Дмитрий Эммануилович Шноль родился в 1966 году в Москве, с 1990 года работает учителем математики в школе, женат, отец троих детей, автор книги стихов «Савельич и ласточка».
Каждый нес память о своем унижении и насилии над другими
— Дмитрий Эммануилович, что в первую очередь повлияло на ваш выбор профессии?
— Одна из главных причин — армия, то, что я там увидел. Служил я под Одессой в зенитной артиллерии. Дедовщина у нас была не такая жестокая, как, например, в соседнем танковом полку. Там молодой солдат, стоя в карауле, застрелил двух дедов — довели его своими издевательствами (с такого же эпизода начинается прекрасная «Баллада о пилотке» моего друга Константина Гадаева, мы с ним служили в одно время, но в разных местах).

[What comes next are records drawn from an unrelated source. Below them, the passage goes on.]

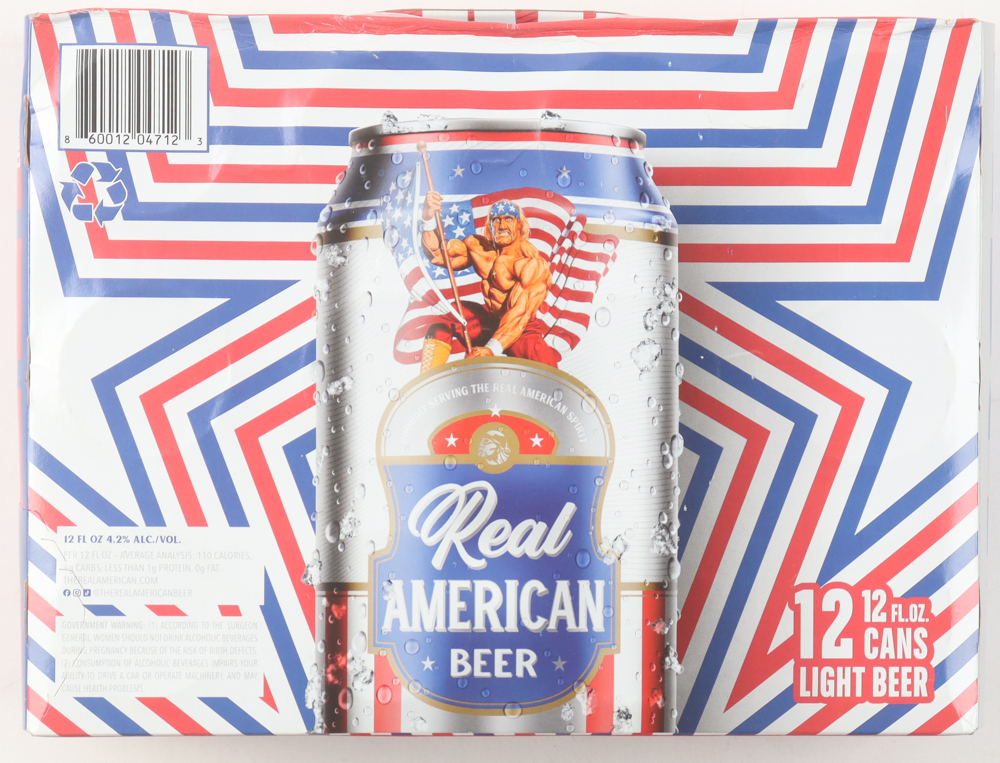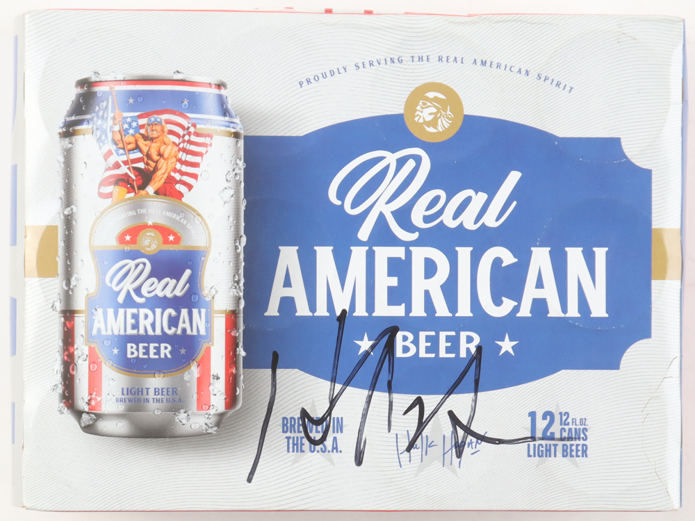 Real American Beer box measures 10" x 8" x 5" and has been hand-signed by Hulk Hogan (HOF). Please note box does come with the cans but they are empty, see photos for more details on condition of the box.
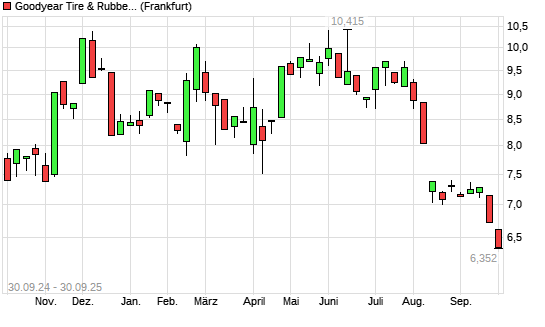 Mit dem Rücksetzer auf 6,47 EUR hat die Goodyear-Aktie (ISIN US3825501014) am 29.09.2025 ein neues 5-Jahres-Tief erreicht und damit den Kurs vom 29.09.2020 eingestellt.
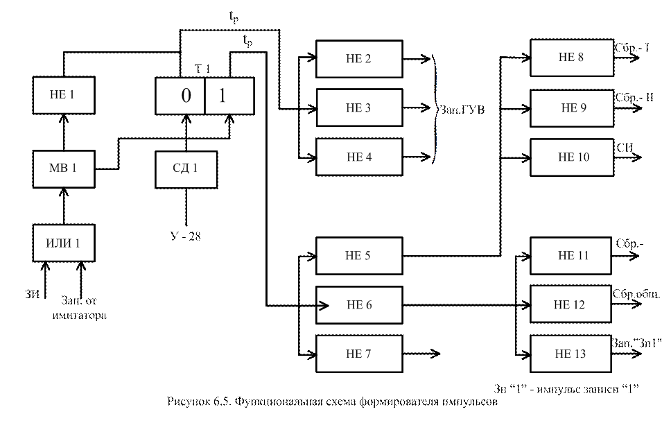 Плата ЛОУ включает следующие устройства: формирователь импульсов, синхронизатор, электронный коммутатор, узел входной обработки видеосигналов, сдвигатели информации, анализатор информации. Формирователь импульсов Формирователь импульсов вырабатывает сигнал прямоугольной формы длительностью tр (определяет величину рабочей дальности БОП) (рисунок 6.5). Эти сигналы используются для запуска ГУВ, плат А1, А2. Основу формирователя составляет триггер Т1. В качестве импульсов запуска могут использоваться как ЗИ из блока БСФ, так и от имитатора импульсов на входе ИЛИ1. Импульс мультивибратора МВ1 переводит триггер Т1 в одно из устойчивых состояний. Окончание импульсов tр определяется моментом прихода адресного импульса У28 с электронного коммутатора ЛОУ, предварительно пропущенного через селектор длительности СД1. Этот импульс переводит Т1 в исходное состояние. Трансляция сигналов к потребителям обеспечивается через набор схем НЕ. Функциональная схема синхронизатора Синхронизатор формирует ряд импульсов: Сдв.-1, Сдв.-2 – для записи и считывания информации из ЗУ; СО – стробы обращения к ЗУ; СИ - стробы информации и записи ЗУ. Функциональная схема синхронизатора приведена на рисунке 6.6. Запуск синхронизатора ведется ТИ от ГУВ. Тактовые импульсы запускают три отдельных канала формирования с выхода ИЛИ2 в течение временного интервала t Р.
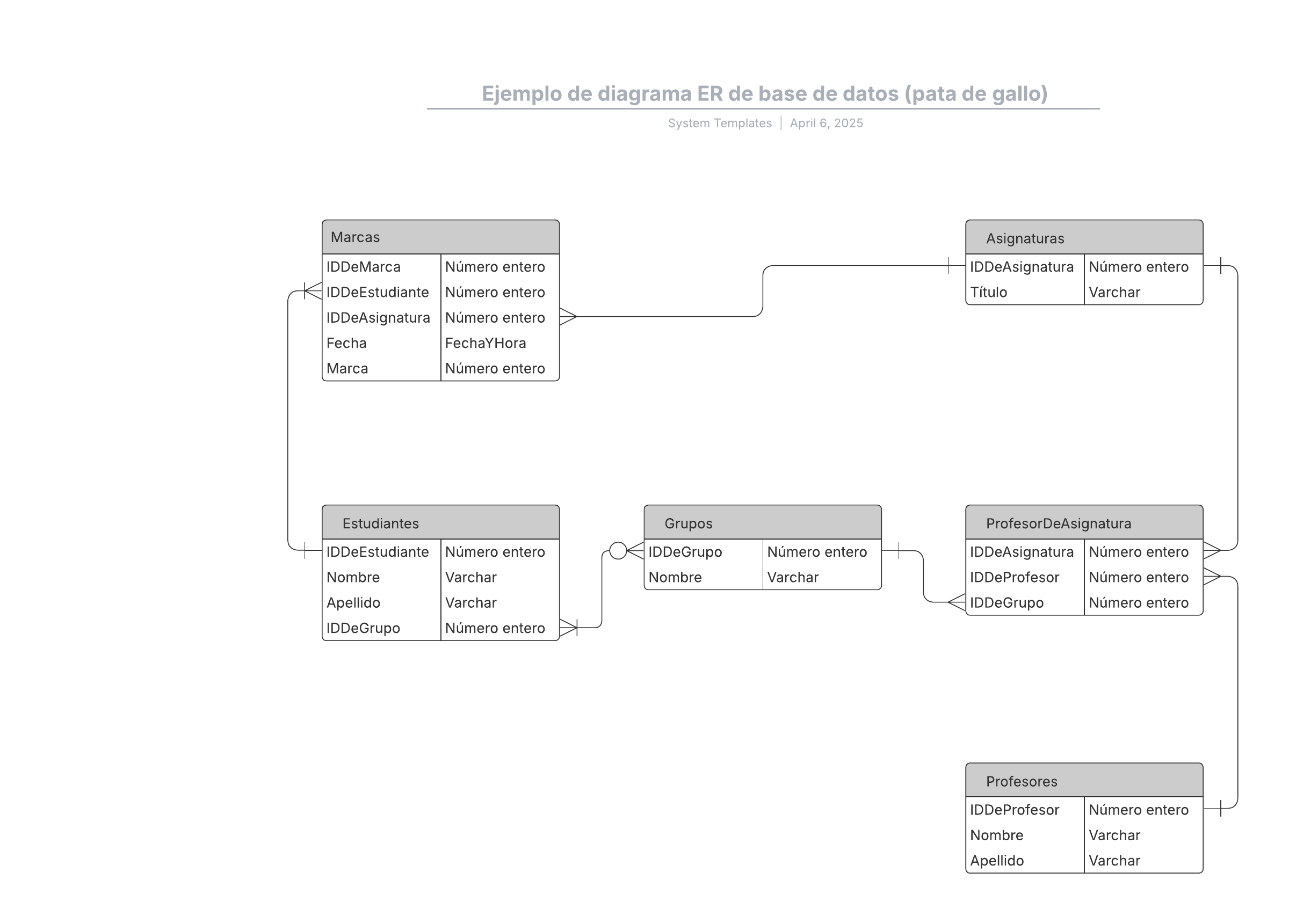 Abre esta plantilla para ver un ejemplo detallado de un diagrama ER de base de datos que puedes personalizar según tu caso de uso.
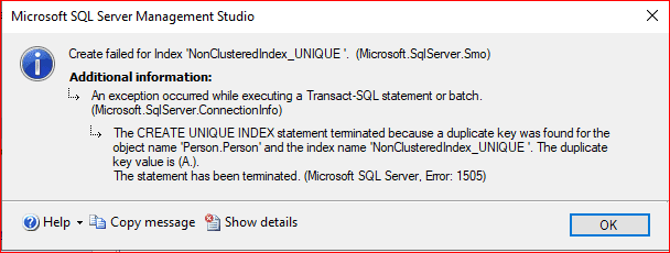 The CREATE UNIQUE INDEX statement terminated because a duplicate key was found for the object name ‘Person.Person’ and the index name ‘NonClusteredIndex_UNIQUE ‘. The duplicate key value is (A.).
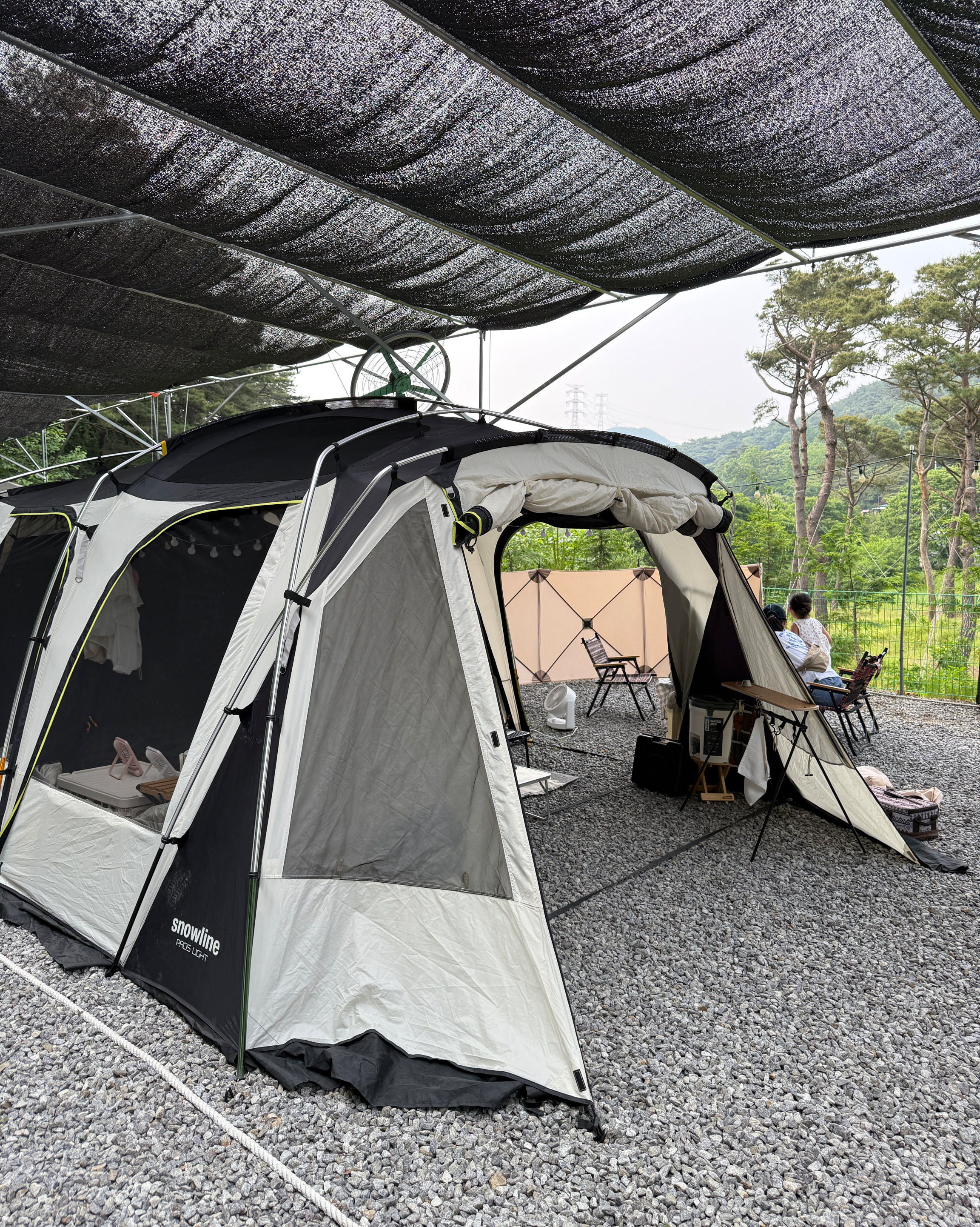 차양막이 있어서 해 피하기 너무 좋았어요(차양막도 자바라? 처럼 사용가능한듯해요 대신 사이트 2-3개가 엮여있었어요)
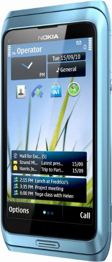 ─ 極致的商務智慧型手機。內建Microsoft Exchange ActiveSync,Nokia E7提供直接、及時以及安全的方式使用企業電子郵件與其他個人應用程式。採用Nokia ClearBlack技術的4吋觸控式螢幕可增進戶外光線下的可見度;搭配全鍵盤設計,商務人士將發覺Nokia E7有著完美身形,讓您不管是瀏覽文件、報表或檢視修正簡報都無往不利。對企業,諾基亞也提供了搭配企業級安全防護解決方案的組合。Nokia E7建議售價495歐元(不含稅及補貼)。
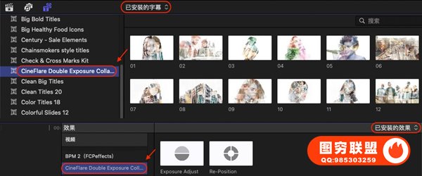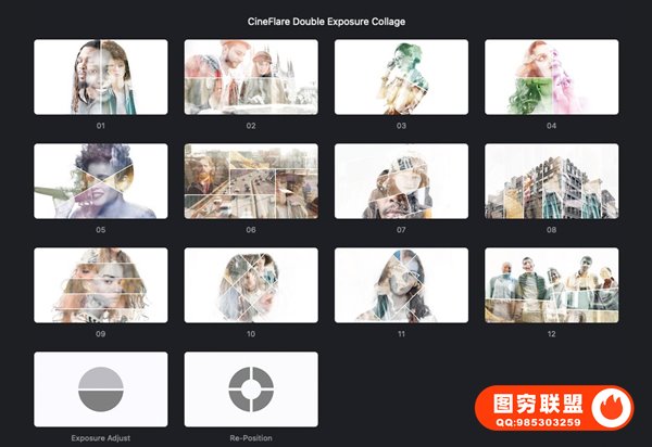 图穷联 » [FCPX插件]14组创意时尚栅格样式图片拼贴双重曝光效果预设 Double Exposu
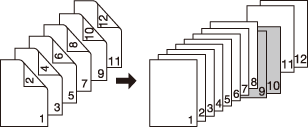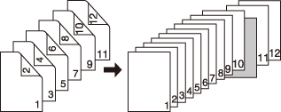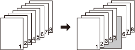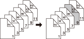 [2->1] | Se inserta papel en blanco después de que la quinta hoja (páginas novena y décima) de un original a 2 caras se haya copiado en modo de impresión normal. No puede insertarse papel en blanco después de una página de copia con un número impar. ![]() |
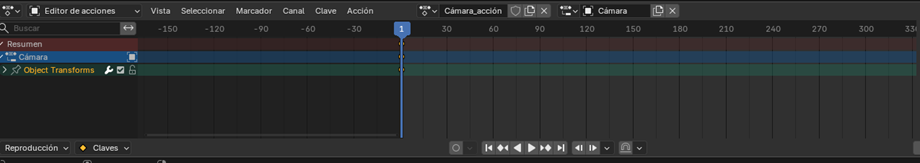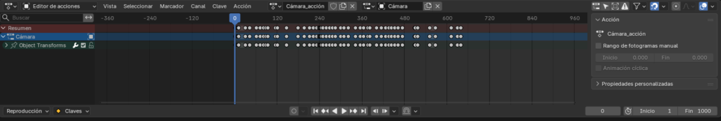 Esto hará que en la línea de tiempo quede registrado el punto clave inicial de la animación. A partir de este momento, repetiremos el mismo procedimiento con los demás puntos clave que sean necesarios, colocando la cámara en distintas posiciones a lo largo del recorrido, con el fin de generar transiciones suaves y continuas que permitan un movimiento fluido y dinámico en la animación de la cámara.
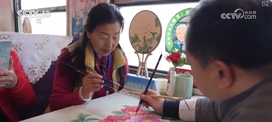 車行期間,列車上安排了豐富的活動(dòng),有歌舞表演、知識(shí)競猜,還可以體驗(yàn)制作膠東花餑餑。此外,書畫創(chuàng)作區(qū)、心理咨詢區(qū)、健康監(jiān)測區(qū)等,也能讓旅客度過既充實(shí)又快樂的“慢時(shí)光”。

В нашем полку до такого все-таки не доходило. Но были правила, по сути, тюремная кастовость — с какого срока что можно, кто что обязан делать и на что имеет право. Наш призыв — так получилось, что пришли только молодые сержанты из учебки — тоже пытались в нее встроить и частично встроили, но не на все условия мы соглашались. Бывало, что и били за непокорность, за «борзость», но в итоге мы частично себя отстояли.
Это же все был народ из советской школы, парни, которые читали советские книжки, вступали в пионеры, комсомол, говорили на линейках красивые слова. И вот они попадают в армию, и через неделю от этого ничего не остается — человек терпит зло и мечтает, что через год отыграется за свои сегодняшние унижения: будет с такой же, если не с большей жестокостью унижать солдат следующего призыва.
Меня поразило, как быстро слетают с советского молодого человека все естественные нормы общежития. Я увидел, что у людей, прошедших советскую школу или шире — воспитанных советской жизнью, нет никакого внутреннего стержня, им просто не на что опереться, чтобы защитить свое достоинство.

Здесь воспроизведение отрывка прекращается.